Nous attendons beaucoup. Nous pensons que la RDC, avec son potentiel, est aujourd’hui en train de diversifier son économie. Je ne prends que le secteur agroalimentaire où la France est championne mondiale.

Pourquoi l’agroalimentaire ? Parce que vous êtes très loin de l’autosuffisance alimentaire ?

Très loin de l’autosuffisance alimentaire. Notre autosuffisance alimentaire est aujourd’hui couverte à 60% par les importations. Ainsi, comme vous l’avez dit, nous disposons de terres arables, soit plus de quatre millions d’hectares de terres arables.

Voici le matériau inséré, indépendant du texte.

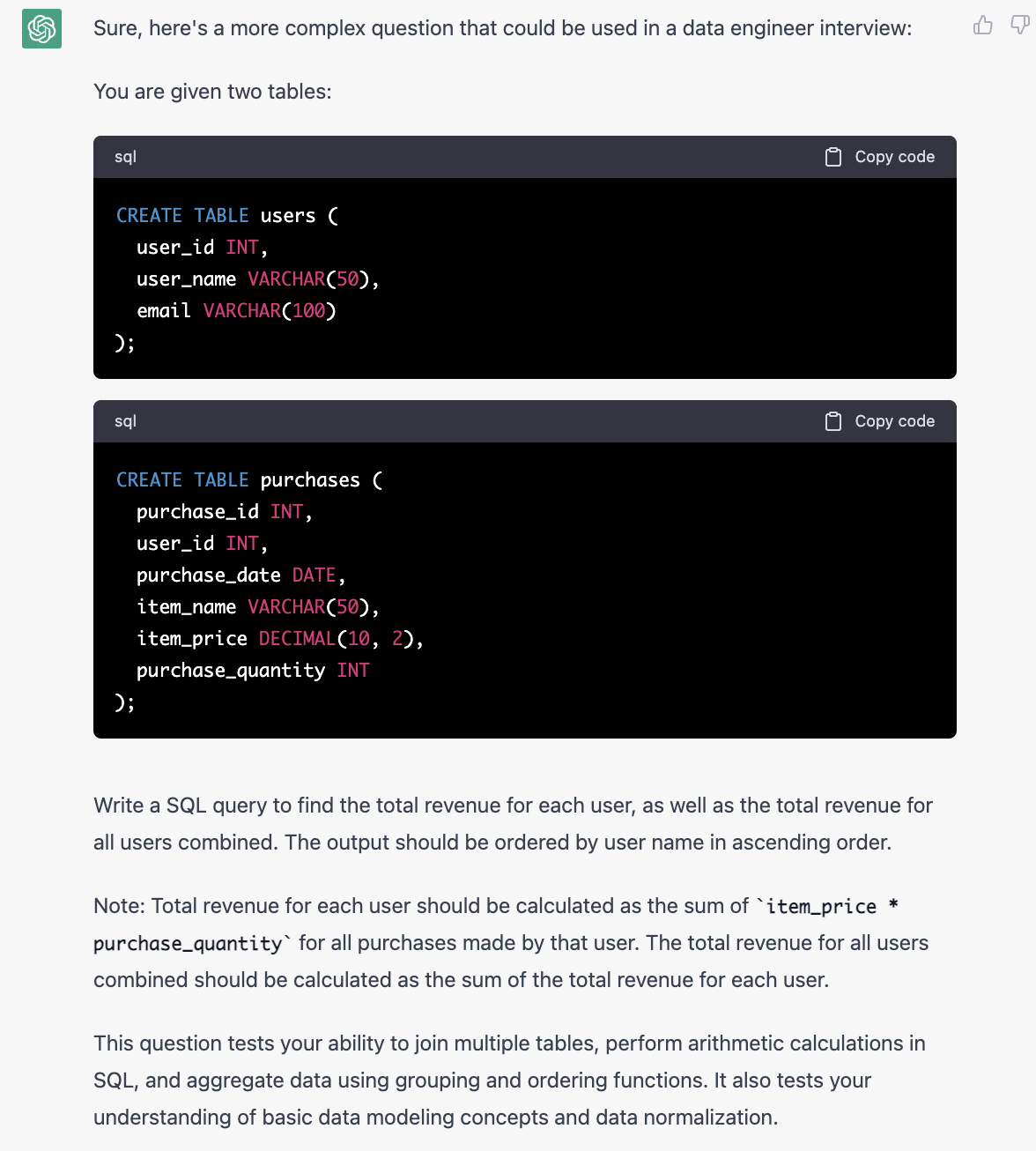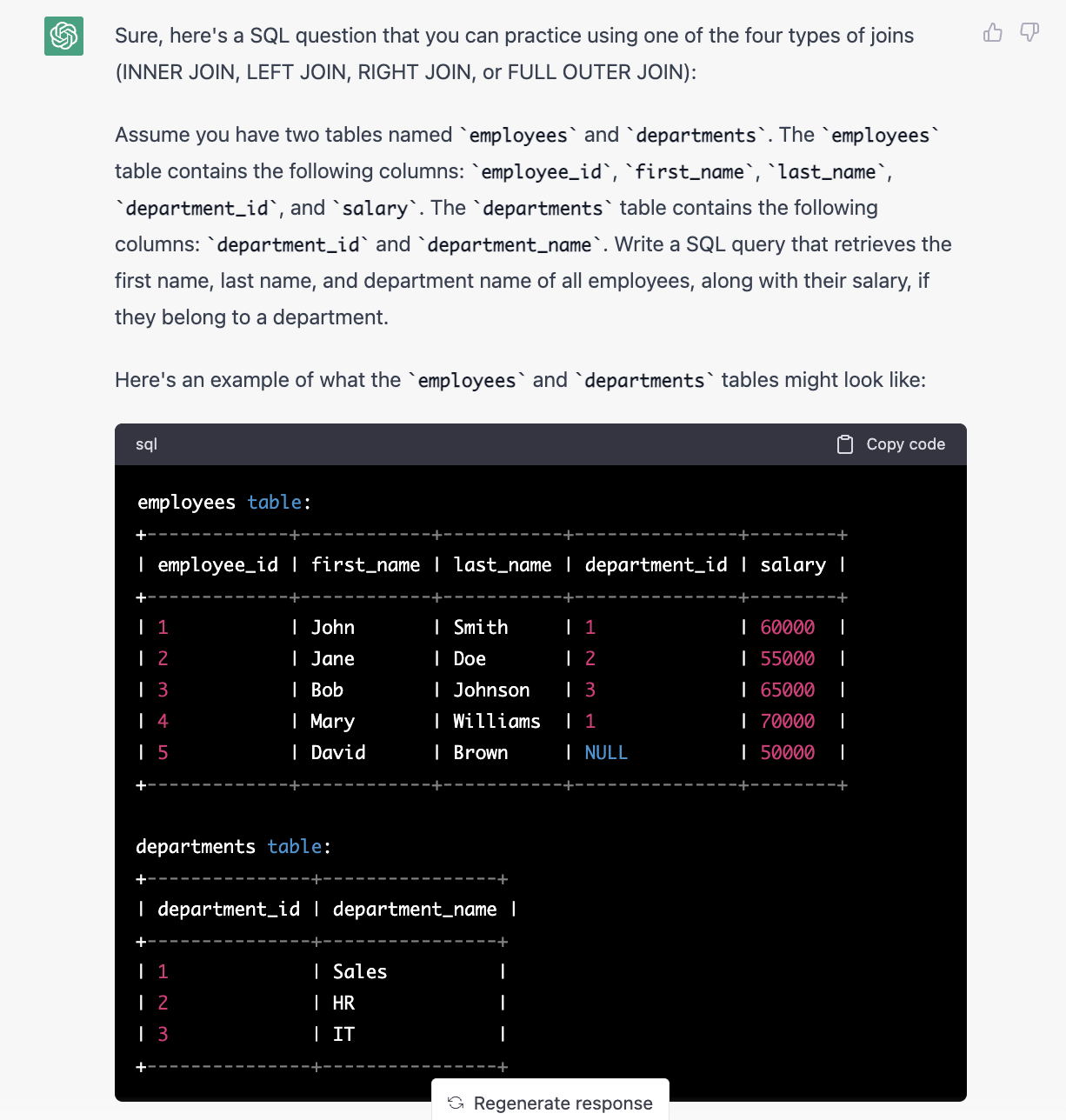 这个题目比较简单。JOIN是面试的时候经常会考到的题目,并且会考不同的JOIN之间的区别。所以我让ChatGPT给我一道JOIN的题目,但是不要告诉我是哪一种JOIN。

Vous avez donc du potentiel…

Nous avons un potentiel important, mais il faut maintenant le mettre en jachère, et pour cela, nous avons aussi besoin de l’expérience de ceux qui maîtrisent ces secteurs. Vous savez, pour le Chef de l’Etat aujourd’hui, la RDC a fonctionné très longtemps en s’appuyant sur les minéraux et le sol doit désormais se venger du sous-sol. C’est le leitmotiv du président de la République Félix Antoine Tshisekedi.